- Task directions
Write out all records as given; omit images.

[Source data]
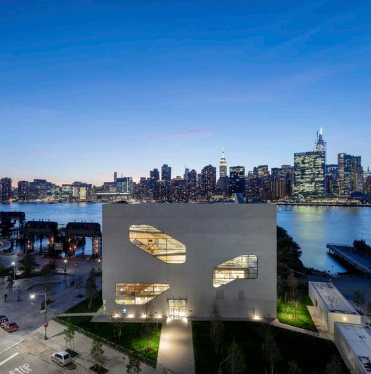 Perpustakaan Umum Queens seluas 22.000 kaki persegi di Hunters Point berdiri sebagai bangunan publik dan taman umum, menghadirkan ruang khusus komunitas ke tepi laut Long Island City.
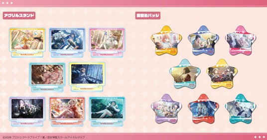 アクリルスタンドや星型缶バッジなどの定番商品のほか、
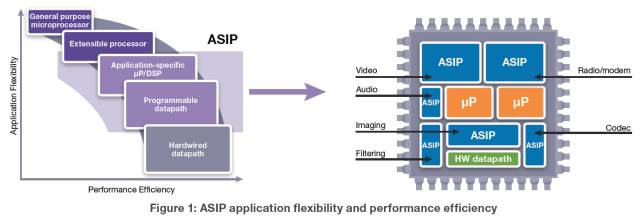 我先说说有钱的玩法吧。其实,不止你一个人想做专用处理器,很多大公司也有这样的需求。所以,就有人为这种需求专门提供了解决方案,比如Synopsys的ASIP-designer工具就是为了满足定制处理器的需求而设计的。ASIP designer支持从零开始设计和实现一个专用处理器。你可以非常自由的设计指令集和微结构,覆盖从Extensible processor,到Application-specific uP/DSP,到Programmable datapath这样一个更大的架构空间,如下图所示。这里也可以看出,这个工具的目标并不是设计通用处理器。
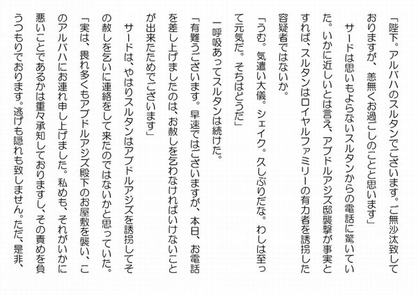 この作品はフィクションであり実在の人物団体等とは一切関係ありません。Copyright(C) 2008-2011 Kazuo KAWAHARA All rights reserved. 「陛下。アルバハのスルタンでございます。ご無沙汰致しておりますが、恙無くお過ごしのことと思います」 サードは思いもよらないスルタンからの電話に驚いていた。いかに近しいとは言え、アブドルアジズ邸襲撃が事実とすれば、スルタンはロイヤルファミリーの有力者を誘拐した容疑者ではないか。「うむ。気遣い大儀。シェイク。久しぶりだな。わしは至って元気だ。そちはどうだ」一呼吸あってスルタンは続けた。「有難うございます。早速ではございますが、本日、お電話を差し上げましたのは、お赦しを乞わなければいけないことが出来たためでございます」 サードは、やはりスルタンはアブドルアジズを誘拐してその赦しを乞いに連絡をして来たのではないかと思っていた。「実は、畏れ多くもアブドルアジズ殿下のお屋敷を襲い、このアルバハにお連れ申し上げました。私めも、それがいかに悪いことであるかは重々承知しておりますし、その責めを負うつもりでおります。逃げも隠れも致しません。ただ、是非、お連れした分けをお聞き頂ければ幸いと思っております。申し開きの機会を頂ければと厚かましくも思っておるところでございます」 スルタンは、今、事細かに説明するつもりは無かった。「シェイク。困ったことをしてくれたな。そもそも、そちも申しておる通り、襲撃は大罪だ」 本来は問答無用、申し開きなど論外だった。「誠に申し訳ございません。しかしながら、陛下もご存知の通り、このスルタンには政府に対しまして弓を引くようなつもりは毛頭ございません。当シェイク家からは、アルカイダ・サウジ支部の沙漠のサソリの統領を二人までも出しておりまして言えた義理ではございませんが・・・」 サードは自分が国王になる時のスルタンの尽力を決して忘れてはいない。陰で即位を阻止しようとしたアブドルアジズ派の一部を説得するなど獅子奮迅の活躍振りだった。「残念なことだ。特に、スレイマンについては、リハビリセンターで優秀な成績を修め、その美しい声でコーラン読誦をリードしたとのことだ。勿論、教義理解も最優秀だった。アブドルアジズの力添えもあり、無事解放されたのに、元の木阿弥になってしまった」「仰せの通りでございます。しかしながら、ご存知の通り、故父シェイク・イスマイルは敬虔なモスレムでしたし、その教義に真摯に従っておりました。わがシェイク家は、アルバハの民に範を垂れる立場でもあります」 サードは、スルタンに言われるまでも無く、シェイク家の歴史と伝統を承知していたし、そう言う、スルタンこそは、サウジ国内にも知れ渡ったイマームでもあった。スルタンを敬愛するのは、アルバハの民に限ったものではない。「シェイク。わしもそれは十分に承知しておる。それが、今回は一体どうしたというのだ」「陛下。トルキ皇太子・航空国防相の命により軍がこのアルバハに向かったという情報を軍におります義弟のムハンマドから聞きました。ムハンマドによりますと、それを陛下が承知しておられない節もあるとのこと。それは本当でございましょうか」 サードはスルタンの問いに即答は出来なかった。人気ブログランキングに参加しています。クリックのほどよろしく
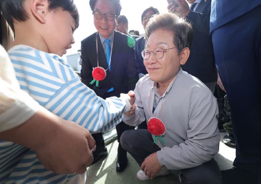 더불어민주당 이재명 대선 후보가 7일 전북 익산시 대한노인회 익산시지회에서 열린 노인회 간담회에 참석하던 중 어린이로부터 카네이션 목걸이를 받고 있다. 2025.5.7 [사진=연합뉴스]
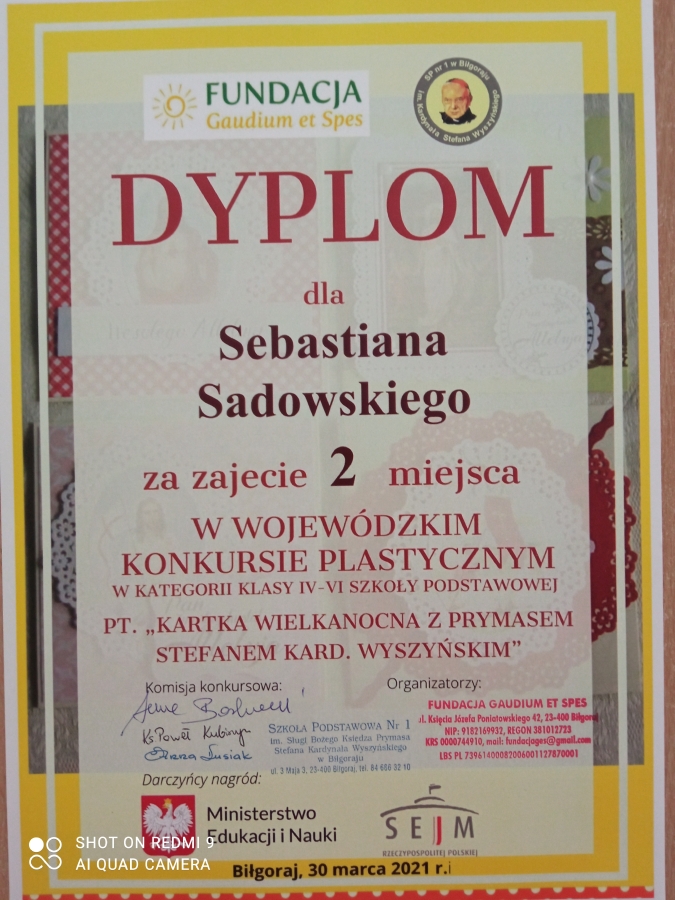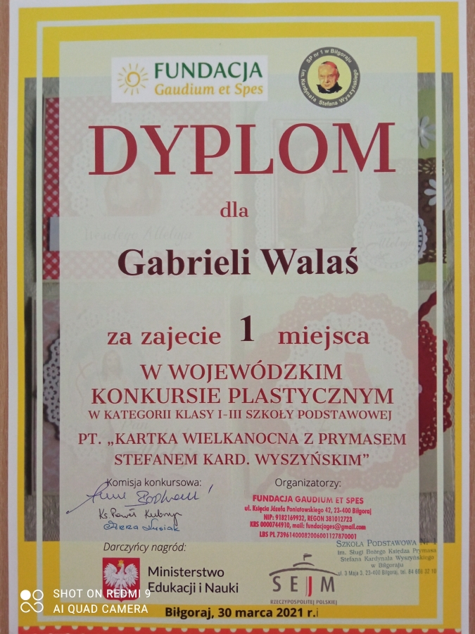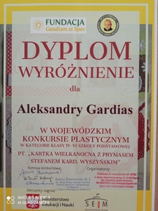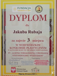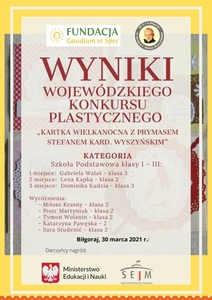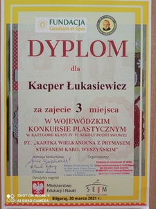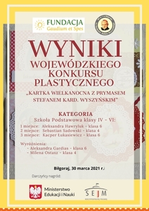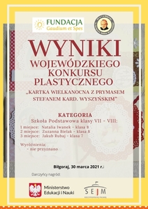 W marcu br. uczniowie naszej szkoły wzięli udział w wojewódzkim konkursie plastycznym na "Kartkę Wielkanocną z Prymasem Stefanem Kardynałem Wyszyńskim" w 120 rocznicę jego urodzin i 40 rocznicę śmierci. Wykonując kartkę uczestnicy musieli zapoznać się z życiem, nauczaniem i działalnością Prymasa Tysiąclecia, by praca była zgodna z ideą konkursu: powinna być związana z życiem, nauczaniem czy działalnością Prymasa Kardynała Stefana Wyszyńskiego oraz być nośnikiem wartości katolickich związanych ze Świętami Zmartwychwstania Pańskiego. Na konkurs wpłynęło 70 prac uczniów szkół podstawowych z terenu województwa lubelskiego i diecezji zamojsko-lubaczowskiej. Z naszej szkoły, pomimo trwającej pandemii i nauczania zdalnego wysłanych zostało aż 27 prac. I po raz kolejny mamy czym się pochwalić: w kategorii kl. I - III: Gabriela Walaś zdobyła I miejsce, Piotr Martyniuk - wyróżnienie; w kategorii kl. IV - VI: Sebastian Sadowski - II miejsce, Kacper Łukasiewicz - III miejsce, a Aleksandra Gardias - wyróżnienie; w kategorii kl. VII - VIII: Jakub Rubaj - III miejsce; Laureaci konkursu otrzymali nagrody rzeczowe ufundowane przez Ministra Edukacji i Nauki oraz Marszałka Sejmu RP. Organizatorzy konkursu składają podziękowanie wszystkim uczestnikom, nauczycielom, opiekunom oraz rodzicom, a laureatom gratulują nagród i wyróżnień.
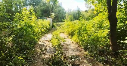 К границе участка ведёт асфальтированная дорога, напротив новая детская площадка.
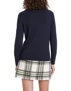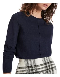 Lightweight in style, this long sleeve knit top reveals a navy colouring, made from pure Australian Merino wool thats so soft, youll never want to take it off. Offering a regular fit throughout, the top is further enhanced by seam detailing at centre-front, textured rib stitching at the outer arm, and fine rib trim at the crew neckline, sleeve cuffs and broad body hem.
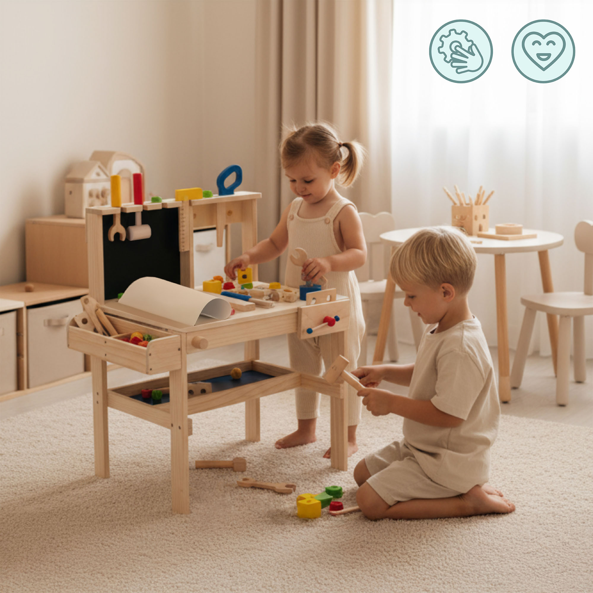 Gražus medinis "pasidaryk pats" rinkinys yra puikus žaislas, leidžiantis mažyliui lavinti rankų darbo įgūdžiussužinoti apie įrankius ir jų panaudojimą. Vaikams patinka tokie žaidimai!
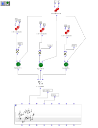 Programs in OpenMusic are created by connecting together (a process known as 'patching') either pre-defined or user-defined modules, in a similar manner to graphical signal-processing environments such as Max/MSP or Pd. Unlike such environments, however, the result of an OpenMusic computation will typically be displayed in conventional music notation, which can then be directly manipulated, if so required, via an editor. A substantial body of specialized libraries has been contributed by users, which extends OpenMusic's functionality into such areas as constraint programming, aleatoric composition, spectral music, minimalist music, music theory, fractals, music information retrieval, sound synthesis etc.
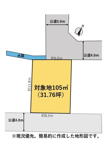 | 現況/引渡し | 上物あり/相談 | 接道状況 | 接道: 北西 6m 公道 道路幅: 4m 接道: 東南 8.3m 公道 道路幅: 4m |
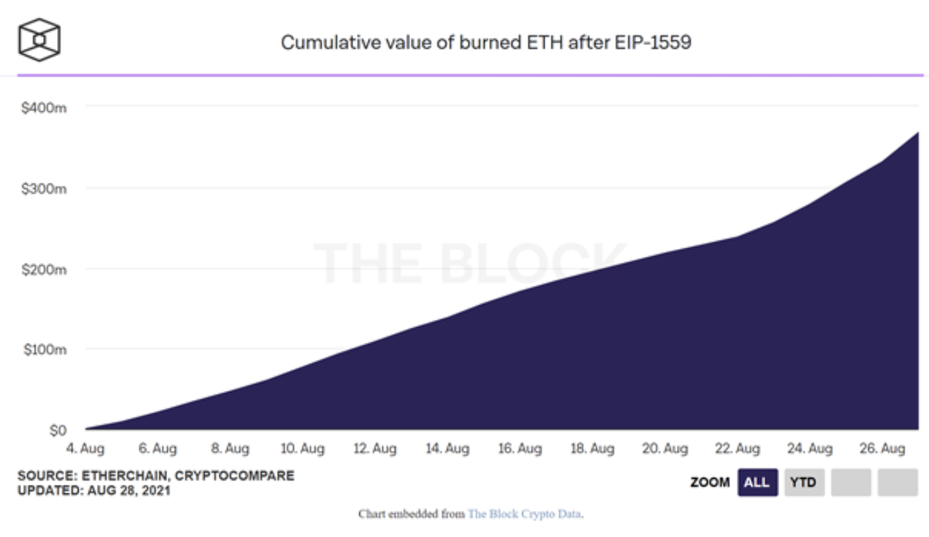 "EIP-1559, also known as the London Fork, was released 8/5/21 to make Ethereum transactions more efficient. The upgrade changed the incentive structure for miners, and put simply, improved the user experience when it came to paying gas fees. The upgrade has made gas fees more predictable and transparent for user transactions. Furthermore, the upgrade added deflationary pressure on ETH supply by burning a portion of gas fees. As of 8/30/21, 142,800 ETH have been burned representing $459mm in value and reducing the net issuance rate to 4.1%. EIP-1559 does not make ETH deflationary, but a step towards curbing monetary supply until ETH 2.0 launches - long-run we expect these changes to create an upward price pressure on ETH as supply decreases with increased network utilization.

- Answer
 Perpustakaan Umum Queens seluas 22.000 kaki persegi di Hunters Point berdiri sebagai bangunan publik dan taman umum, menghadirkan ruang khusus komunitas ke tepi laut Long Island City.
 アクリルスタンドや星型缶バッジなどの定番商品のほか、
 我先说说有钱的玩法吧。其实,不止你一个人想做专用处理器,很多大公司也有这样的需求。所以,就有人为这种需求专门提供了解决方案,比如Synopsys的ASIP-designer工具就是为了满足定制处理器的需求而设计的。ASIP designer支持从零开始设计和实现一个专用处理器。你可以非常自由的设计指令集和微结构,覆盖从Extensible processor,到Application-specific uP/DSP,到Programmable datapath这样一个更大的架构空间,如下图所示。这里也可以看出,这个工具的目标并不是设计通用处理器。
 この作品はフィクションであり実在の人物団体等とは一切関係ありません。Copyright(C) 2008-2011 Kazuo KAWAHARA All rights reserved. 「陛下。アルバハのスルタンでございます。ご無沙汰致しておりますが、恙無くお過ごしのことと思います」 サードは思いもよらないスルタンからの電話に驚いていた。いかに近しいとは言え、アブドルアジズ邸襲撃が事実とすれば、スルタンはロイヤルファミリーの有力者を誘拐した容疑者ではないか。「うむ。気遣い大儀。シェイク。久しぶりだな。わしは至って元気だ。そちはどうだ」一呼吸あってスルタンは続けた。「有難うございます。早速ではございますが、本日、お電話を差し上げましたのは、お赦しを乞わなければいけないことが出来たためでございます」 サードは、やはりスルタンはアブドルアジズを誘拐してその赦しを乞いに連絡をして来たのではないかと思っていた。「実は、畏れ多くもアブドルアジズ殿下のお屋敷を襲い、このアルバハにお連れ申し上げました。私めも、それがいかに悪いことであるかは重々承知しておりますし、その責めを負うつもりでおります。逃げも隠れも致しません。ただ、是非、お連れした分けをお聞き頂ければ幸いと思っております。申し開きの機会を頂ければと厚かましくも思っておるところでございます」 スルタンは、今、事細かに説明するつもりは無かった。「シェイク。困ったことをしてくれたな。そもそも、そちも申しておる通り、襲撃は大罪だ」 本来は問答無用、申し開きなど論外だった。「誠に申し訳ございません。しかしながら、陛下もご存知の通り、このスルタンには政府に対しまして弓を引くようなつもりは毛頭ございません。当シェイク家からは、アルカイダ・サウジ支部の沙漠のサソリの統領を二人までも出しておりまして言えた義理ではございませんが・・・」 サードは自分が国王になる時のスルタンの尽力を決して忘れてはいない。陰で即位を阻止しようとしたアブドルアジズ派の一部を説得するなど獅子奮迅の活躍振りだった。「残念なことだ。特に、スレイマンについては、リハビリセンターで優秀な成績を修め、その美しい声でコーラン読誦をリードしたとのことだ。勿論、教義理解も最優秀だった。アブドルアジズの力添えもあり、無事解放されたのに、元の木阿弥になってしまった」「仰せの通りでございます。しかしながら、ご存知の通り、故父シェイク・イスマイルは敬虔なモスレムでしたし、その教義に真摯に従っておりました。わがシェイク家は、アルバハの民に範を垂れる立場でもあります」 サードは、スルタンに言われるまでも無く、シェイク家の歴史と伝統を承知していたし、そう言う、スルタンこそは、サウジ国内にも知れ渡ったイマームでもあった。スルタンを敬愛するのは、アルバハの民に限ったものではない。「シェイク。わしもそれは十分に承知しておる。それが、今回は一体どうしたというのだ」「陛下。トルキ皇太子・航空国防相の命により軍がこのアルバハに向かったという情報を軍におります義弟のムハンマドから聞きました。ムハンマドによりますと、それを陛下が承知しておられない節もあるとのこと。それは本当でございましょうか」 サードはスルタンの問いに即答は出来なかった。人気ブログランキングに参加しています。クリックのほどよろしく
 더불어민주당 이재명 대선 후보가 7일 전북 익산시 대한노인회 익산시지회에서 열린 노인회 간담회에 참석하던 중 어린이로부터 카네이션 목걸이를 받고 있다. 2025.5.7 [사진=연합뉴스]
 W marcu br. uczniowie naszej szkoły wzięli udział w wojewódzkim konkursie plastycznym na "Kartkę Wielkanocną z Prymasem Stefanem Kardynałem Wyszyńskim" w 120 rocznicę jego urodzin i 40 rocznicę śmierci. Wykonując kartkę uczestnicy musieli zapoznać się z życiem, nauczaniem i działalnością Prymasa Tysiąclecia, by praca była zgodna z ideą konkursu: powinna być związana z życiem, nauczaniem czy działalnością Prymasa Kardynała Stefana Wyszyńskiego oraz być nośnikiem wartości katolickich związanych ze Świętami Zmartwychwstania Pańskiego. Na konkurs wpłynęło 70 prac uczniów szkół podstawowych z terenu województwa lubelskiego i diecezji zamojsko-lubaczowskiej. Z naszej szkoły, pomimo trwającej pandemii i nauczania zdalnego wysłanych zostało aż 27 prac. I po raz kolejny mamy czym się pochwalić: w kategorii kl. I - III: Gabriela Walaś zdobyła I miejsce, Piotr Martyniuk - wyróżnienie; w kategorii kl. IV - VI: Sebastian Sadowski - II miejsce, Kacper Łukasiewicz - III miejsce, a Aleksandra Gardias - wyróżnienie; w kategorii kl. VII - VIII: Jakub Rubaj - III miejsce; Laureaci konkursu otrzymali nagrody rzeczowe ufundowane przez Ministra Edukacji i Nauki oraz Marszałka Sejmu RP. Organizatorzy konkursu składają podziękowanie wszystkim uczestnikom, nauczycielom, opiekunom oraz rodzicom, a laureatom gratulują nagród i wyróżnień.
 К границе участка ведёт асфальтированная дорога, напротив новая детская площадка.
 Lightweight in style, this long sleeve knit top reveals a navy colouring, made from pure Australian Merino wool thats so soft, youll never want to take it off. Offering a regular fit throughout, the top is further enhanced by seam detailing at centre-front, textured rib stitching at the outer arm, and fine rib trim at the crew neckline, sleeve cuffs and broad body hem.
 Gražus medinis "pasidaryk pats" rinkinys yra puikus žaislas, leidžiantis mažyliui lavinti rankų darbo įgūdžiussužinoti apie įrankius ir jų panaudojimą. Vaikams patinka tokie žaidimai!
 Programs in OpenMusic are created by connecting together (a process known as 'patching') either pre-defined or user-defined modules, in a similar manner to graphical signal-processing environments such as Max/MSP or Pd. Unlike such environments, however, the result of an OpenMusic computation will typically be displayed in conventional music notation, which can then be directly manipulated, if so required, via an editor. A substantial body of specialized libraries has been contributed by users, which extends OpenMusic's functionality into such areas as constraint programming, aleatoric composition, spectral music, minimalist music, music theory, fractals, music information retrieval, sound synthesis etc.
 | 現況/引渡し | 上物あり/相談 | 接道状況 | 接道: 北西 6m 公道 道路幅: 4m 接道: 東南 8.3m 公道 道路幅: 4m |
 "EIP-1559, also known as the London Fork, was released 8/5/21 to make Ethereum transactions more efficient. The upgrade changed the incentive structure for miners, and put simply, improved the user experience when it came to paying gas fees. The upgrade has made gas fees more predictable and transparent for user transactions. Furthermore, the upgrade added deflationary pressure on ETH supply by burning a portion of gas fees. As of 8/30/21, 142,800 ETH have been burned representing $459mm in value and reducing the net issuance rate to 4.1%. EIP-1559 does not make ETH deflationary, but a step towards curbing monetary supply until ETH 2.0 launches - long-run we expect these changes to create an upward price pressure on ETH as supply decreases with increased network utilization.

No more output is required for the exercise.